Judge of the Supreme Court of Appeal
- Incumbent
- Assumed office 1 June 2018
- Appointed by: Cyril Ramaphosa

Judge of the High Court
- In office 26 August 2009 – 31 May 2018
- Appointed by: Jacob Zuma
- Division: Gauteng

Personal details
- Born: Tati Moffat Makgoka 13 February 1968 (age 58) Moletši, Transvaal South Africa
- Alma mater: University of the North University of South Africa

= Tati Makgoka =

South African judge

Tati Moffat Makgoka (born 13 February 1968) is a South African judge of the Supreme Court of Appeal. Formerly an attorney in Pretoria, he served in the Gauteng High Court from August 2009 until June 2018, when he was elevated to the Supreme Court of Appeal. He was an acting judge in the Constitutional Court in 2023.

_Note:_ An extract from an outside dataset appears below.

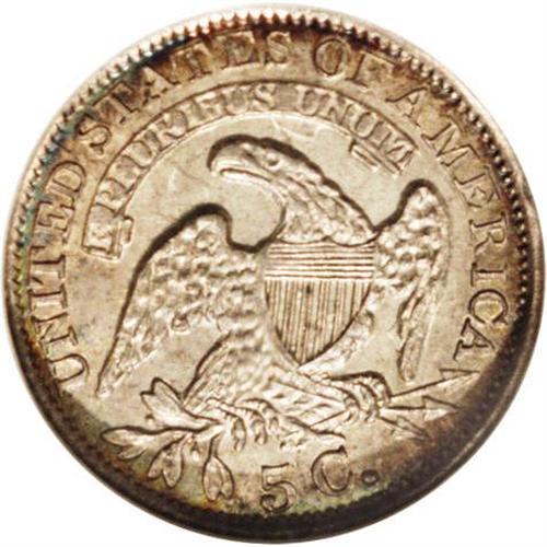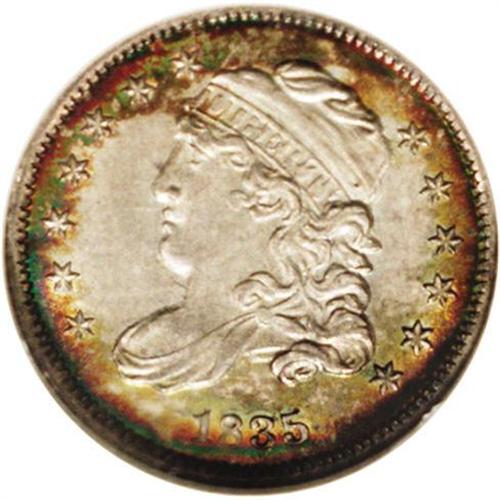 <B>1835<H10C> Small Date, Large 5C MS65 NGC.</B></I> V-5, LM-8.2, R.2. Apple-green, cherry-red, and gold shades adorn the borders, a bit more intensely on the obverse. This intricately struck, splendidly preserved, and satiny Gem features cream-gray centers. LM-8.2 reunites the die pair from LM-8.1, after the reverse die was used to coin LM-9.1 while mated with a different obverse die. The hair-thin die crack from the T in UNITED to the scroll distinguishes LM-8.2 from LM-8.1.

== Early life and education ==
Makgoka was born on 13 February 1968 in Moletši outside Polokwane in the former Northern Transvaal (now Limpopo Province). He matriculated at Hwiti High School and went on to the University of the North, where he completed a BProc in 1992. 30 years later, in 2021 and while serving as a judge, he also completed an LLB at the University of South Africa.

== Legal practice ==
After graduating from the University of the North, Makgoka served his articles of clerkship at a firm in Pretoria. Thereafter, between 1994 and 2009, he practised as an attorney in Pretoria. He acted as a judge in the High Court of South Africa in 2007, sitting in the Transvaal Provincial Division.

== Gauteng High Court: 2009–2018 ==
On 26 August 2009, Makgoka joined the High Court permanently when he was appointed as a judge of the Gauteng High Court. Notable judgements handed down by Makgoka included a judgement confirming that Harmony Gold and other mining companies were obligated to rehabilitate environmental damage produced by corporate pollution. His order in that matter was upheld by the Supreme Court of Appeal in Harmony Gold v Free State Department of Water Affairs. In October 2013, Makgoka ordered Legal Aid to provide legal representation at the Farlam Commission to mineworkers who had been injured or arrested during the Marikana massacre.

During his nearly nine years in the High Court, Makgoka was seconded to appellate courts three times. He was an acting judge in the Labour Appeal Court from June to November 2015 and in the Supreme Court of Appeal on two occasions, from June to November 2016 and then from October 2017 to May 2018. During that period, he wrote the Supreme Court of Appeal's judgement in a vicarious liability matter. He also acted in the Constitutional Division of the Lesotho High Court in April 2015.

== Supreme Court of Appeal: 2018–present ==
In April 2018, Makgoka was one of nine candidates whom the Judicial Service Commission shortlisted and interviewed for possible permanent appointment to one of three vacancies in the Supreme Court of Appeal. During his interview, he was asked about his impression of the level of collegiality in the Supreme Court of Appeal, and he expressed his support for gender-based affirmative action in the judiciary. The Judicial Service Commission recommended him for appointment, alongside Mahube Molemela and Ashton Schippers, and the trio joined the bench on 1 June 2018.

In November 2022, Makgoka wrote the court's unanimous judgement in the controversial matter of the parole of former President Jacob Zuma, who had been imprisoned for contempt of court. Makgoka's judgement said that Arthur Fraser, the National Commissioner for Correctional Services, had acted unlawfully and irrationally in granting Zuma medical parole; the court ordered that Zuma should return to prison to serve out his sentence.'

Between February and May 2023, Makgoka was an acting judge in the Constitutional Court of South Africa. He wrote the court's judgement in N.O. v Minister of Police, which overturned a Supreme Court of Appeal ruling on the application of the "once-and-for-all" rule for claiming damages.

== Public service ==
Makgoka was highly involved in judicial education and training, including through the Legal Education Centre of the Black Lawyers Association, and he serves on the editorial committee of the South African Institute of Judicial Education Journal. He has been the chancellor of the Anglican Diocese of Pretoria since 2012 and a member of the advisory board of Judges to the World Intellectual Property Organisation since 2020. Since 2019, he has been a member of the Judicial Conduct Committee of the Judicial Service Commission, in which capacity he served on the three-member tribunal that found Western Cape Judge President John Hlophe guilty of gross misconduct for attempting to improperly influence the views of Justices Chris Jafta and Bess Nkabinde.

== Personal life ==
Makgoka is a widower and has two children.